Outside the courthouse, a juror approached Molitor and “said he was very sorry for all he had gone through,” defense attorney William Barnett told The Associated Press. “The man shook his hand and gave him a hug.”

Barnett said jurors privately told the judge the evidence simply did not add up to “material support” for a kidnapping plot, a key phrase in the charge.

“They went after three peoples’ lives and destroyed them for three years,” Barnett said of the attorney general’s office. “I’m just lost for words. This is an emotional moment.”


Authorities have said an attack on Whitmer began to simmer at a regional summit of anti-government extremists in Dublin, Ohio, in summer 2020. Fox, Croft and William Null were in attendance while an FBI informant also inside the gathering secretly recorded profanity-laced screeds threatening violence against public officials.

The disgust was also fueled by government-imposed restrictions during the COVID-19 pandemic, according to recordings, text messages and social media posts introduced as evidence at trial.

Whitmer’s chief of staff, JoAnne Huls, said Friday’s verdicts were disappointing and would “further encourage and embolden radical extremists trying to sow discord and harm public officials or law enforcement.”


State Attorney General Dana Nessel said the “verdicts are not what we hoped for.”

Molitor, 39, and William Null, 41, testified in their own defense, admitting they had attended gun drills and taken rides to see Whitmer’s property. Molitor was in a pickup truck with Fox and had recorded a brief video of the house.

But William Null said he and his brother broke away when talk turned to getting explosives. Molitor said Fox was “incredibly dumb” and wouldn’t pull off a kidnapping.

During closing arguments Wednesday, prosecutor William Rollstin urged jurors to not be swayed.

“If you help in whole or even in part you’ve satisfied that element” of the crime, he said. “Was he helping him to plan?
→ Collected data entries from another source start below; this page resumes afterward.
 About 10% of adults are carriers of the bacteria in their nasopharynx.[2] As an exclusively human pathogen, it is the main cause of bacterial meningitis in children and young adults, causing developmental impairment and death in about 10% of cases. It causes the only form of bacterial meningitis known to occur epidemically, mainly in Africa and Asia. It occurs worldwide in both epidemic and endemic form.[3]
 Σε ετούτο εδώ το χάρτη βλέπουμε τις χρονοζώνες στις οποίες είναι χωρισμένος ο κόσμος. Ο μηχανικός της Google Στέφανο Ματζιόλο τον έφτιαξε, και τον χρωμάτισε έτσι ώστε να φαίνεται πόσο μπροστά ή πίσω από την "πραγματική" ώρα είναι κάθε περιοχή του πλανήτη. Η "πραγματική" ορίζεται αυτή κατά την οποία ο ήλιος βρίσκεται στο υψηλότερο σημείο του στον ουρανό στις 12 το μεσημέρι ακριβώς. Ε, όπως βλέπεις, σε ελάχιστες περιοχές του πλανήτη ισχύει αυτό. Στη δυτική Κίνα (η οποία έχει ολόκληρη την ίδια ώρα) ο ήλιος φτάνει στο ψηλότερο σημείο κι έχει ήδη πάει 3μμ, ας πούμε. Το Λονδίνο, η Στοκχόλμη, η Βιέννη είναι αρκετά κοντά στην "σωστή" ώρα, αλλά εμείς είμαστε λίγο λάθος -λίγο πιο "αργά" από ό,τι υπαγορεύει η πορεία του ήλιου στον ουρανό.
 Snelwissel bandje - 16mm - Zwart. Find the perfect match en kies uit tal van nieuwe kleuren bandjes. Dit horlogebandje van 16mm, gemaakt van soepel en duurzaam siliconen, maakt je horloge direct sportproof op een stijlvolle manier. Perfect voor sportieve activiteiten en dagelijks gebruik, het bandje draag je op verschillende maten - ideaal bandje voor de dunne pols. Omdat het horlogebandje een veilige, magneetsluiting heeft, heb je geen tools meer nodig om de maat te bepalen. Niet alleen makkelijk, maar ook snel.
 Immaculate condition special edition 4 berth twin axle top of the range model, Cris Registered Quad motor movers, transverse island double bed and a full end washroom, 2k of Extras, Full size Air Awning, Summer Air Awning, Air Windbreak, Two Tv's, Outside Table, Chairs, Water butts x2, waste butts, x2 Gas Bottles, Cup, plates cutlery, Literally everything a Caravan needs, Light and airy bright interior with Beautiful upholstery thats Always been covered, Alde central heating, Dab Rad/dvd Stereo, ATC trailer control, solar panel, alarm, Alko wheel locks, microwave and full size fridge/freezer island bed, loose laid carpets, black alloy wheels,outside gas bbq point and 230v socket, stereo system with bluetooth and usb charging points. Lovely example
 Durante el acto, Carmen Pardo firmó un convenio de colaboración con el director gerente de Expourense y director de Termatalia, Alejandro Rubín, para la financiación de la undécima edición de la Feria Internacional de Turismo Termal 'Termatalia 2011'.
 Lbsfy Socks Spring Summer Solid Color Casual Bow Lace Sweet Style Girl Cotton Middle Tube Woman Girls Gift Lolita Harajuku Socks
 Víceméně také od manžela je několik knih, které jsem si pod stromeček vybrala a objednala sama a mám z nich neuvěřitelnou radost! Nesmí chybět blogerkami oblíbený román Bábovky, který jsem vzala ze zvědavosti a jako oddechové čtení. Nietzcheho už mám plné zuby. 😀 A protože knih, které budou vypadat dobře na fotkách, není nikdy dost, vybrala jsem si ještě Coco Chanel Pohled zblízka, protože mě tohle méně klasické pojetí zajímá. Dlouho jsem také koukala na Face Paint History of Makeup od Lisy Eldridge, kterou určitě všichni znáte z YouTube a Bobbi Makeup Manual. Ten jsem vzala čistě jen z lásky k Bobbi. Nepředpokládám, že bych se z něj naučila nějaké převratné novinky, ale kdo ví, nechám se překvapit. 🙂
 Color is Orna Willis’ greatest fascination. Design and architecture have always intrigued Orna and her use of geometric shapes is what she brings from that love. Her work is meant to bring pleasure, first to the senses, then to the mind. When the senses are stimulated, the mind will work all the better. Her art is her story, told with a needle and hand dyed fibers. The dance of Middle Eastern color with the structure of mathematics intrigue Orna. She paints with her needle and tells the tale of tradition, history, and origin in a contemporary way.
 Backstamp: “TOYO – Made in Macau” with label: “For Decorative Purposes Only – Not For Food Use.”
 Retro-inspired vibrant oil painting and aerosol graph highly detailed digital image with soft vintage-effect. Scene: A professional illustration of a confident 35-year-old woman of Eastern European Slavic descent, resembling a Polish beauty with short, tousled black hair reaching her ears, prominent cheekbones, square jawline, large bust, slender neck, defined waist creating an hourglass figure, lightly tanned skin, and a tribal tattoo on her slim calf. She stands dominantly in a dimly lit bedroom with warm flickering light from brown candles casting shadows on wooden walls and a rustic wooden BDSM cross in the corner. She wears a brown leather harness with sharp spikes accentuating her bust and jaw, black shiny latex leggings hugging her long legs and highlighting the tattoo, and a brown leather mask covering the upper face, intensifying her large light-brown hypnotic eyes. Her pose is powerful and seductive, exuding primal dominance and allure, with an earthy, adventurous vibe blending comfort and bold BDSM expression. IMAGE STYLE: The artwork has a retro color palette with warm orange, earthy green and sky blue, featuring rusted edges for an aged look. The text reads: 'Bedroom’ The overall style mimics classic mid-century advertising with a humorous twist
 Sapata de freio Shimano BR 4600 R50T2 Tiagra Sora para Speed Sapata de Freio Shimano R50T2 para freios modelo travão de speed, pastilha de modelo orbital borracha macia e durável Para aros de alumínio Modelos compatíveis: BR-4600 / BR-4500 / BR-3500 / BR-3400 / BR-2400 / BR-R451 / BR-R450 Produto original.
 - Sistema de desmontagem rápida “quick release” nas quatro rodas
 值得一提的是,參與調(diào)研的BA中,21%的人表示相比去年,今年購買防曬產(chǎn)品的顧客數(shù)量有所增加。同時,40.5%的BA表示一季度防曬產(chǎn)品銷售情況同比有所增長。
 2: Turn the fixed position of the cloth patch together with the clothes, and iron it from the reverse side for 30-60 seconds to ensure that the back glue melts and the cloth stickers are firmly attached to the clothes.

Was he helping him prepare? The answer is absolutely.”


Michael Null, 41, did not testify and his lawyer took the unusual step of declining to question any witnesses during the trial. Tom Siver told jurors that Michael Null did nothing wrong.

“A stroke of genius,” Barnett said of Siver’s strategy of silence.

Informants and undercover FBI agents were inside the group for months before arrests were made in October 2020. Whitmer was not physically harmed.

Nine men were previously convicted in state or federal court, either through guilty pleas or at three other trials. Shawn Fix and Brian Higgins pleaded guilty in Antrim County and had agreed to cooperate but were never called as prosecution witnesses at the last trial.

After the plot was thwarted, Whitmer blamed then-President Donald Trump, saying he had given “comfort to those who spread fear and hatred and division.” Out of office, Trump called the kidnapping plan a “fake deal” in 2022.